Goro, for the first time in days, decides to follow doctors’ orders. He sits, silent, lips pursed around his straw. That’s something like an effort.

“You...look well.”

“Sure.”

It’s like they’ve only just met. Not even when the _first_ met; Akira would welcome that simmering antagonism. At least there was something to that. Makoto sits across from him, a shuttered house: lights off, doors locked. Her hands are folded primly on the table in front of her.

Akira breaks first. “What do you want?” Not great. “To talk about,” he amends, almost smooth.

He just wants her to crack. He knows she’s capable of smiling, he’s seen heaps of evidence. He just wants --

Things he’s surrendered.

“In light of the importance of our most recent work, I’d like to...propose a ceasefire.”

Goro makes a sound around his straw that sends Shirley Temple ricocheting down his windpipe. He hacks into his sleeve, coughs like sandpaper. Akira rubs Goro’s back, meeting Makoto’s disapproving stare head on. What else can he do, with the horse so far out of the barn it’s been exported to a foreign country?

Makoto waits for Goro to rattle to a stop before continuing: “I think it’s to everyone’s benefit if we can negotiate. I’m willing to have said my piece on Akechi’s involvement.”

“What’s in it for you?” Goro says into a cocktail napkin. “What’s the catch?”

Her prim hands crumple into clenched fists. “I have a Mementos request.”

“That’s all?” Goro asks.

“I checked the Meta-Nav. He doesn’t have a palace. But I’m sure he’s in Mementos.”

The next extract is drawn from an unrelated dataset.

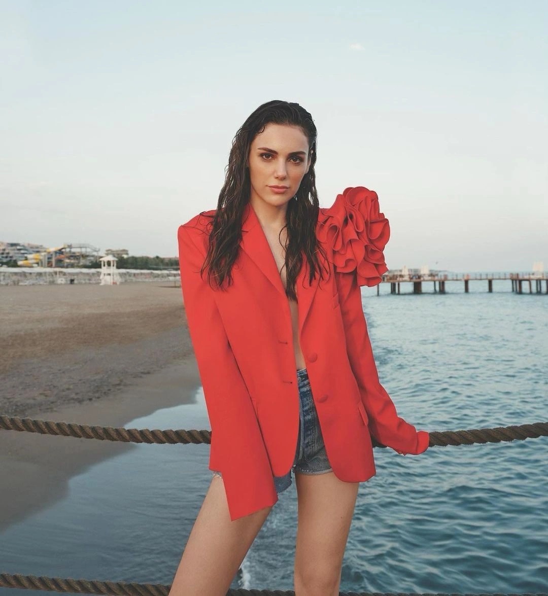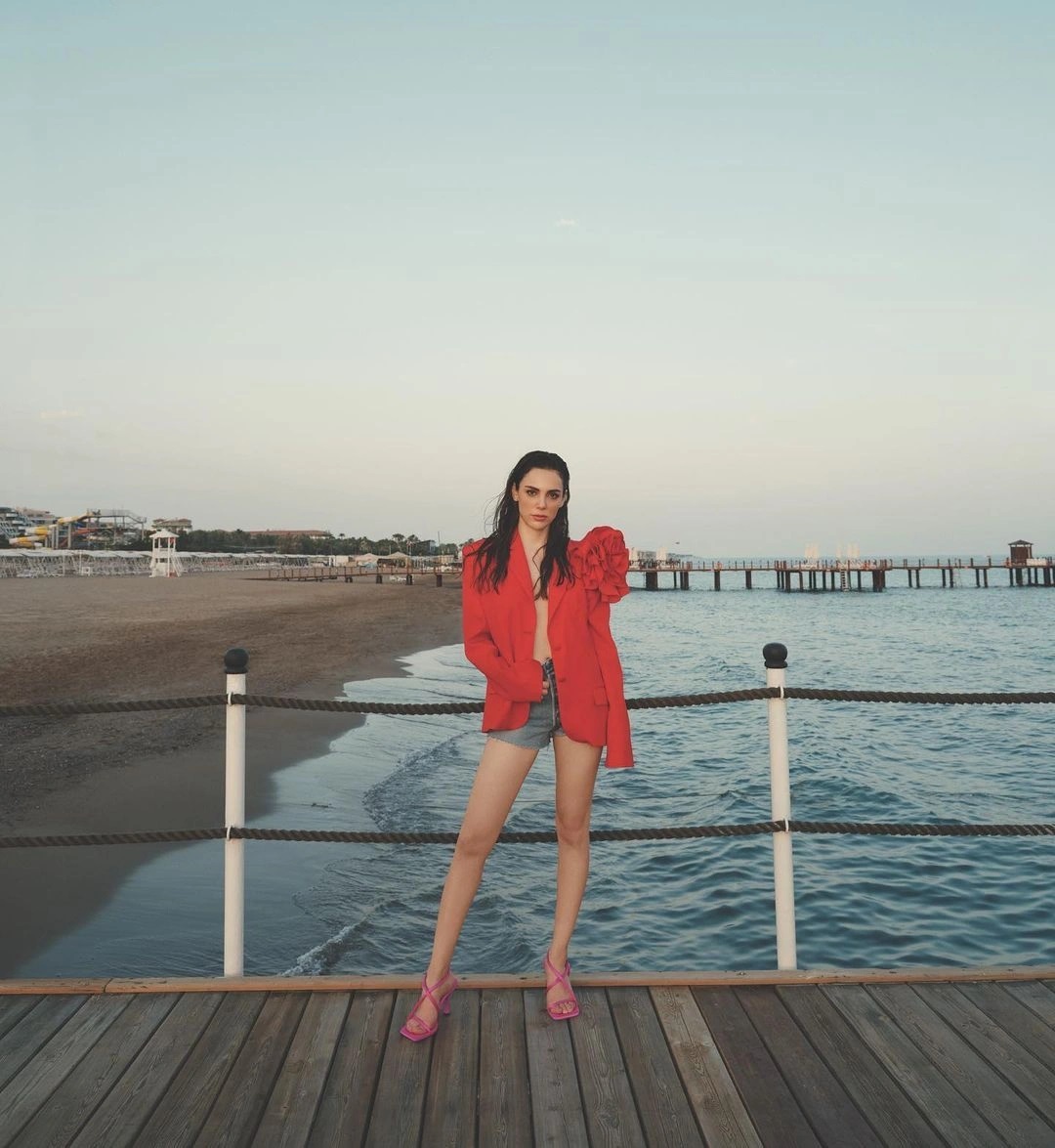 - Tanrısevsin, mini şortlu ve kırmızı ceketli sütyensiz pozunu paylaştı.

Akira already knows, but he still has to ask. “Who?”

“Hayato Sugimura.”

Got it in one. “Haru’s fiance.”

“If that’s what you want to call him.”

“How chivalrous of you,” says Goro. “Except you’re not coming, are you?”

“Why wouldn’t --” Akira’s brain catches up to the look on Makoto’s face. “You’re not coming.”

“No. Akechi owes Haru. Akechi needs to do this.”

Community service. Akira wonders if Makoto sees what she’s doing, sees judge and jury underneath her own decision. She’s determined that Goro serve some sentence, whatever’s in her power to dole out.

“Morgana has to go, and I’m not staying behind,” says Akira.

If he wanted, he could push it. Ann and Ryuji would come, if he asked. He thinks Futaba and Yusuke might, too. A million arguments could be made about what Haru deserves to do for herself.

“Fine,” Makoto says, knuckles white.

But. Even if she thinks she’s punishing Goro, Akira deserves it. Maybe -- Maybe he can step back from the things he’s said to Haru, close a little bit of the gap that stretches between them. He likes to be liked. He keeps track of his own failings.

Goro props his chin in one hand. “Fine,” he echoes back.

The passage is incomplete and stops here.